[Source data]
⁂
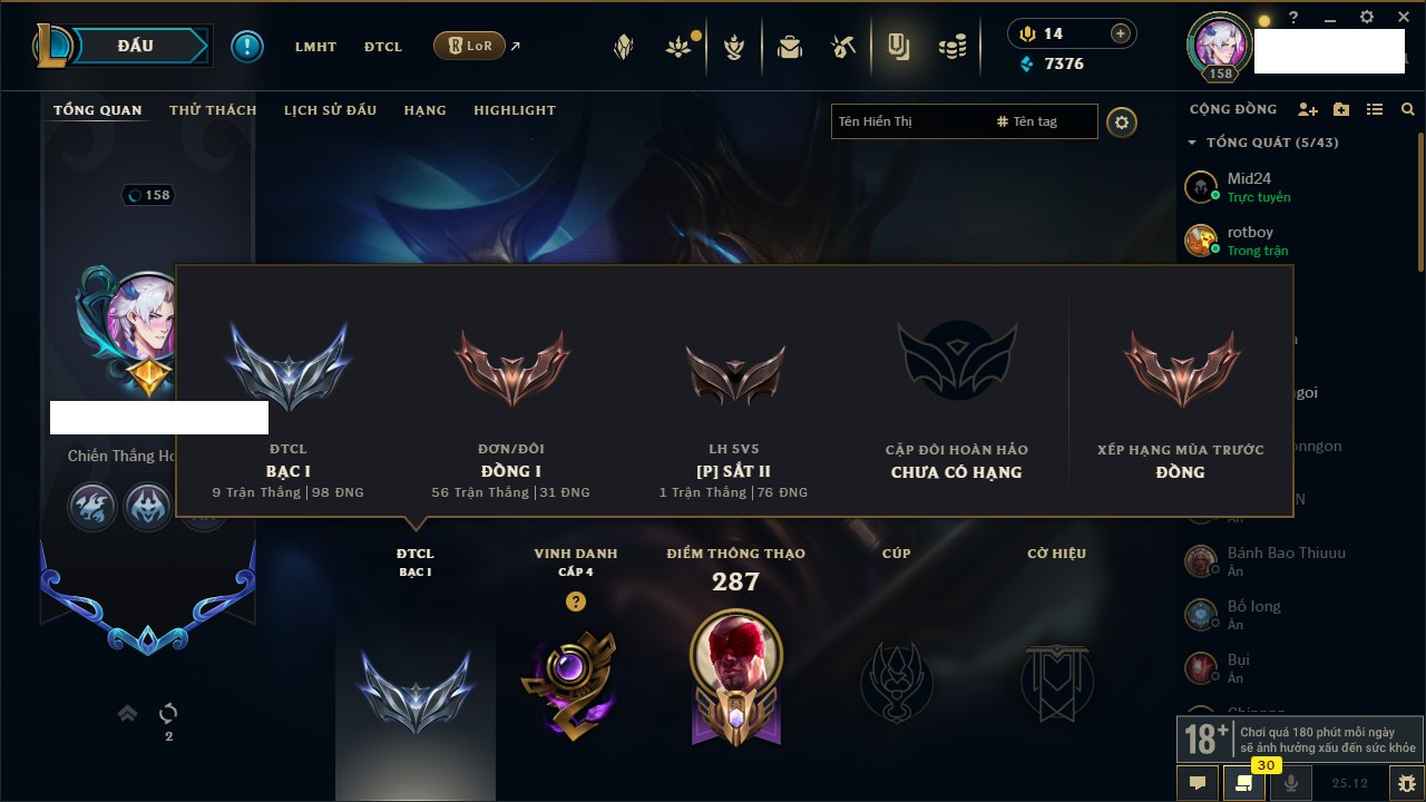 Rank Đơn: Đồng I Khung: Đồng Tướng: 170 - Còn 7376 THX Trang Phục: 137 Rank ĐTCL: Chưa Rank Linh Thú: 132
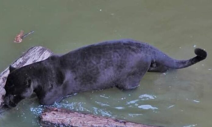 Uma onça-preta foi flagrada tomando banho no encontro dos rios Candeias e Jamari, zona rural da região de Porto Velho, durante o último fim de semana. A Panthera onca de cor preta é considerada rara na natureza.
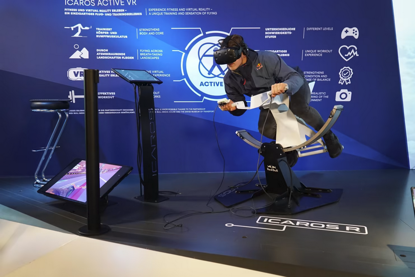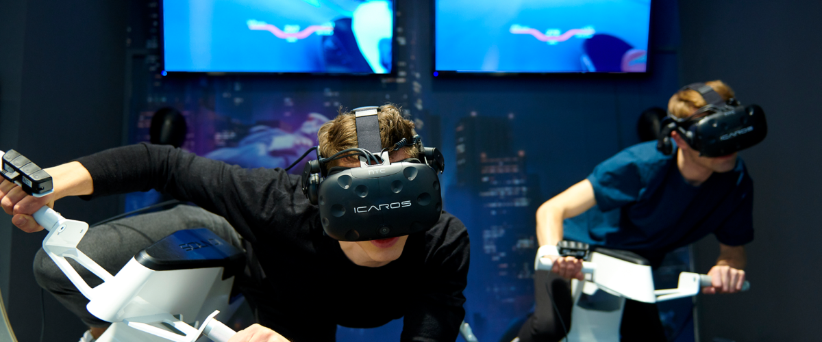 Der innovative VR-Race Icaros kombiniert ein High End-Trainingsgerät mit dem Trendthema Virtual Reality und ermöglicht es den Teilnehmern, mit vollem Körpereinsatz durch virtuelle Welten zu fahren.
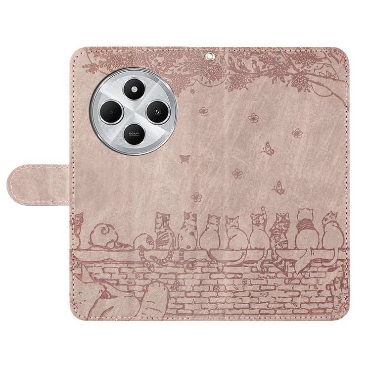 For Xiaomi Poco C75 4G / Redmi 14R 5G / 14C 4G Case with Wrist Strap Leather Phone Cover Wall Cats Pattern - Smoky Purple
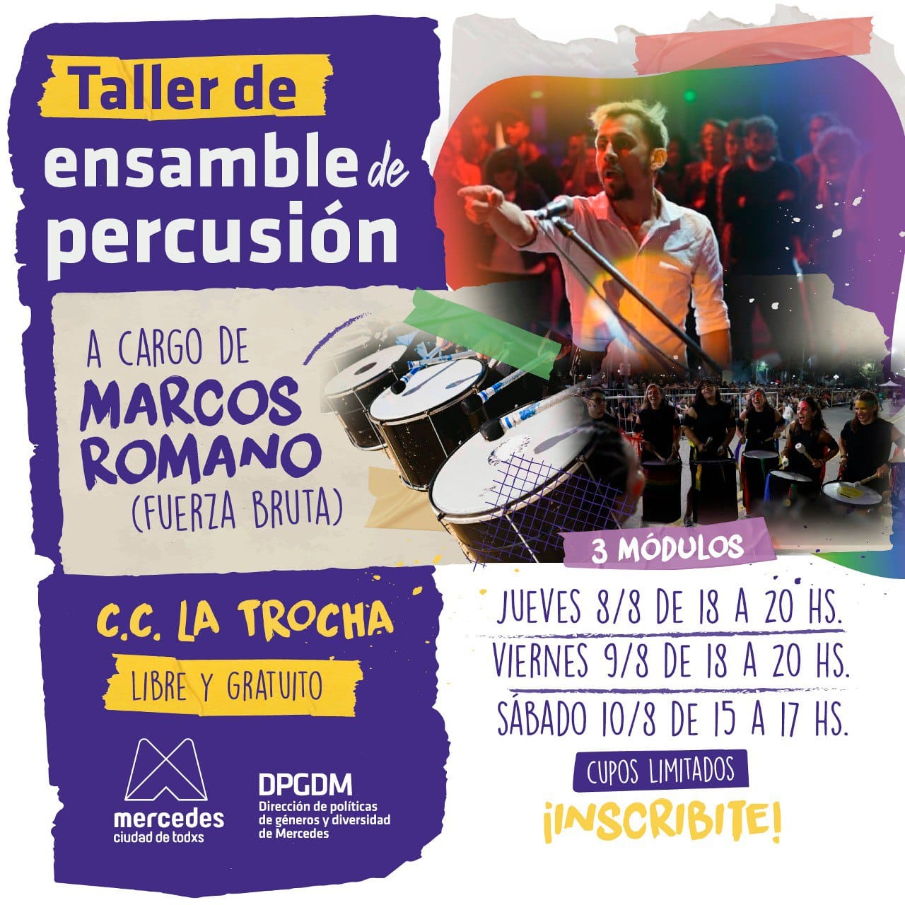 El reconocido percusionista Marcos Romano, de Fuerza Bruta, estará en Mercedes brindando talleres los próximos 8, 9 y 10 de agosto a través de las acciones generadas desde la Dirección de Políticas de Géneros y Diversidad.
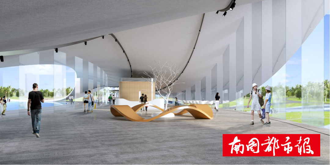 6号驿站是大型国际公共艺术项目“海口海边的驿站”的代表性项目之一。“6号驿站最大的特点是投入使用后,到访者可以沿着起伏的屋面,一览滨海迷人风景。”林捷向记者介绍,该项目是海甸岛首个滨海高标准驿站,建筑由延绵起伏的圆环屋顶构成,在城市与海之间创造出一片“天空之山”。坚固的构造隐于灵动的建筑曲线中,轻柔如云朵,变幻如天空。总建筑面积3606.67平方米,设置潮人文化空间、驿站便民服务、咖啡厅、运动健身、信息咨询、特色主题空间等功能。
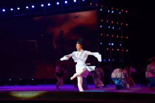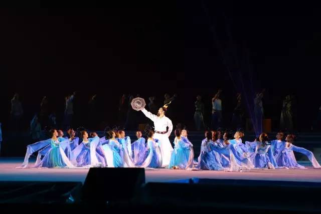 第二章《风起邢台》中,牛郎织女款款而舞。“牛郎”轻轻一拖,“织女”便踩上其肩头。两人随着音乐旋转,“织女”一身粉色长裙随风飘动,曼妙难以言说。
⁂
### TASK BRIEF
Give back the entries verbatim. Do not include any picture.

### WRITTEN REPLY
 Rank Đơn: Đồng I Khung: Đồng Tướng: 170 - Còn 7376 THX Trang Phục: 137 Rank ĐTCL: Chưa Rank Linh Thú: 132
 Uma onça-preta foi flagrada tomando banho no encontro dos rios Candeias e Jamari, zona rural da região de Porto Velho, durante o último fim de semana. A Panthera onca de cor preta é considerada rara na natureza.
 Der innovative VR-Race Icaros kombiniert ein High End-Trainingsgerät mit dem Trendthema Virtual Reality und ermöglicht es den Teilnehmern, mit vollem Körpereinsatz durch virtuelle Welten zu fahren.
 For Xiaomi Poco C75 4G / Redmi 14R 5G / 14C 4G Case with Wrist Strap Leather Phone Cover Wall Cats Pattern - Smoky Purple
 El reconocido percusionista Marcos Romano, de Fuerza Bruta, estará en Mercedes brindando talleres los próximos 8, 9 y 10 de agosto a través de las acciones generadas desde la Dirección de Políticas de Géneros y Diversidad.
 6号驿站是大型国际公共艺术项目“海口海边的驿站”的代表性项目之一。“6号驿站最大的特点是投入使用后,到访者可以沿着起伏的屋面,一览滨海迷人风景。”林捷向记者介绍,该项目是海甸岛首个滨海高标准驿站,建筑由延绵起伏的圆环屋顶构成,在城市与海之间创造出一片“天空之山”。坚固的构造隐于灵动的建筑曲线中,轻柔如云朵,变幻如天空。总建筑面积3606.67平方米,设置潮人文化空间、驿站便民服务、咖啡厅、运动健身、信息咨询、特色主题空间等功能。
 第二章《风起邢台》中,牛郎织女款款而舞。“牛郎”轻轻一拖,“织女”便踩上其肩头。两人随着音乐旋转,“织女”一身粉色长裙随风飘动,曼妙难以言说。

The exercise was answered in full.